1 /*!
2 A lower level API for packed multiple substring search, principally for a small
3 number of patterns.
4 
5 This sub-module provides vectorized routines for quickly finding matches of a
6 small number of patterns. In general, users of this crate shouldn't need to
7 interface with this module directory, as the primary
8 [`AhoCorasick`](../struct.AhoCorasick.html)
9 searcher will use these routines automatically as a prefilter when applicable.
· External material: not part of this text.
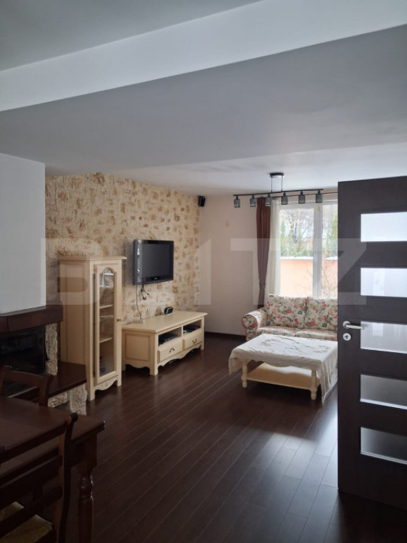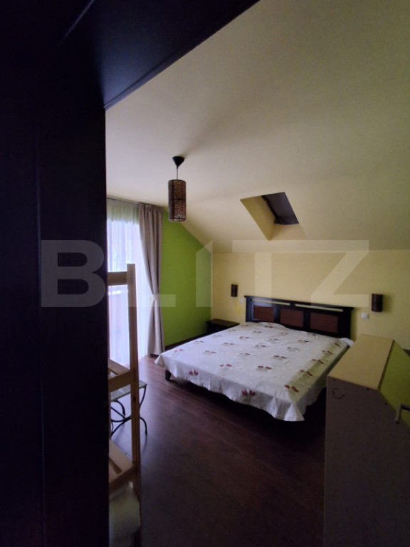 BLITZ vă propune spre închiriere o casă spațioasă și elegantă, cu o suprafață utilă de 250 mp, situată într-o zonă liniștită, cu vederi deschise spre pădure. Proprietatea este complet mobilată și ideală pentru o familie sau pentru persoane care își doresc confort, intimitate și acces la natură. Casa beneficiază de o curte privată de 250 mp, amenajată, perfectă pentru relaxare, la care se adaugă o căsuță de grădină și 2 locuri de parcare, dintre care unul în garajul de 18mp. Compartimentarea este funcțională și bine gândită, fiind structurată pe parter, etaj și mansardă: ???? Parter: hol de intrare primitor debara pentru depozitare baie de serviciu cu toaletă și chiuvetă living generos, cu ferestre mari, șemineu și ieșire directă către grădină bucătărie open-space, luminoasă, cu geam mare spre curte ???? Etajul 1: 3 dormitoare spațioase, două dintre ele cu balcon baie complet utilată, cu duș walk-in, toaletă, bideu și două chiuvete ???? Etajul 2: mansardă open-space pe toată suprafața casei, amenajată ca birou și zonă de depozitare baie cu duș și mașină de spălat rufe Proprietatea se remarcă prin spații generoase, lumină naturală din abundență și o poziționare excelentă, oferind un echilibru ideal între confort urban și liniștea naturii. ???? Pentru mai multe informații sau pentru programarea unei vizionări, vă așteptăm să ne contactați! Cod ofertă / ID BLITZ: P161521 Id intern: P161521

10 However, in some cases, callers may want to bypass the Aho-Corasick machinery
11 entirely and use this vectorized searcher directly.
12 
13 # Overview
14 
15 The primary types in this sub-module are:
16 
17 * [`Searcher`](struct.Searcher.html) executes the actual search algorithm to
18   report matches in a haystack.
19 * [`Builder`](struct.Builder.html) accumulates patterns incrementally and can
20   construct a `Searcher`.
21 * [`Config`](struct.Config.html) permits tuning the searcher, and itself will
22   produce a `Builder` (which can then be used to build a `Searcher`).
23   Currently, the only tuneable knob are the match semantics, but this may be
24   expanded in the future.
25 
26 # Examples
27 
28 This example shows how to create a searcher from an iterator of patterns.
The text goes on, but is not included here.